On the other hand, a “C” share of the same mutual fund would be expected to have a higher annual operating expense, but no front end load. For example, if you buy a “C” share of the Growth and Income fund there’s no upfront load, but you can expect to pay a 1.95% annual operating expense.  Your entire initial investment is invested, but then your money is charged an annual expense of 1.95%.

Often times ETFs will have lower operating costs than mutual funds, but both mutual funds and ETFs are likely to have expense ratios that may surprise many investors.

The expenses ratios on mutual funds and ETFs can be found online if you know where to look. They may range anywhere from a few tenths of one percent to well over 2% annually.

These operating expenses are applied in addition to the fee charged by an advisor for investment advice.

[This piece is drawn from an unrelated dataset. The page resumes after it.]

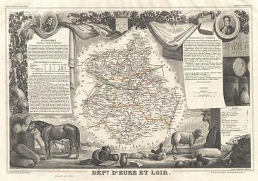 | Keywords: 1852 Levasseur Map of the Department D'Eure Et Loir, France (Loire Wine Region) - Geographicus - EureEtLoir-levasseur-1852.jpg This is a fascinating 1852 map of the French department of Eure Et Loir France This area is home to the famous Chartres Cathedral The whole is surrounded by elaborate decorative engravings designed to illustrate both the natural beauty and trade richness of the land There is a short textual history of the regions depicted on both the left and right sides of the map Published by V Levasseur in the 1852 edition of his Atlas National de la France Illustree Carte Victor Levasseur du département d'Eure-et-Loir 1852 1852 undated Size in 16 5 11 5 object history credit line accession number EureEtLoir-levasseur-1852 Levassuer V <i>Atlas National Illustre des 86 Departements et des Possessions de La France Divise par Arrondissements Cantons et Communea avec La Trace de Toutes Les Routes Chemins de fer et Canaux </i> 1852 edition Geographicus-source PD-old-100 Victor Levasseur - Maps of France 1852 maps Old maps of Eure-et-Loir Maps in French Claude François Chauveau-Lagarde Engravings of animals Chartres in art coat of arms 1852 works in France Animals on maps |

It is common for many to overlook their total annual portfolio expense. Simply failing to add the funds expense ratios to the cost of investment advice will grossly misrepresent your annual investment expenses.

When an investment advisor is recommending mutual funds or ETFs within a fee based investment account the total annual cost to the account owner can be surprising.

Variable Annuities:

Variable annuities are insurance contracts. Registered representatives of broker dealers often sell them. The broker dealer and their registered representatives earn a commission based on how much money you invest in the product.

Variable annuities have insurance related costs in addition to investment related expenses. For example, mortality and expense charges (M&E) and administrative charges are common fees found on variable annuities. It is common to see M&E charges of 1% or more, and administrative fees of 15 tenths of a percent (0.15%). These charges are deducted annually for the life of the contract.

Many contracts offer optional riders with additional income or death benefit features. The riders often come with an annual expense. The rider fees can vary, but many such as income benefit riders exceed 1% annually.

All of the contract fees may be located within the variable annuity prospectus. However, these documents can be upwards of several hundred pages deep, and filled with hard to understand legal language. It can difficult for many advisors to fully comprehend what they are selling let alone investors like you to navigate what you are buying.

In addition to M&E, Admin, and rider charges there are investment options within the annuity called subaccounts. They also have net annual operating expenses like the mutual funds discussed earlier.

A subaccount within a variable annuity may be similar to a mutual fund outside of a variable annuity.  The subaccount’s net operating expense may be similar as well.  However, sometimes the variable annuity subaccount expenses are even higher than comparable mutual funds outside the annuity.

Paying Fees Is OK, but….

It’s OK to pay fees. After all, you’re going to pay somebody to manage your money. No one worth his or her expertise will do it for free. If they are providing value to you it is worth the cost. The question may be, “What do you consider valuable?”

 

  1. A comprehensive written plan and maintenance of that plan
  2. Advice on financial decisions related and unrelated to investing
  3. Strategies to reduce taxes, order or returns risk and other retirement risks
  4. Competitive investment returns during an up market
  5. Active management that seeks to potentially reduce losses during a downturn by making decisions when to exit and enter the market

 

………and so on, then it may be worth the cost. If you don’t get any of these services, it may not be worth the cost. 

On the other hand, if the advice is free it may not be that great. Remember, you get what you pay for.

Understanding how much you’re paying, whom you’re paying it to, and what you’re getting for it are all things to consider before making any financial decisions.

You should get enough value to justify the fees you are paying, and be satisfied with it. If you’re not satisfied with the services that you’re receiving, then you must ask yourself, “why am I paying these fees to who I am paying them to?”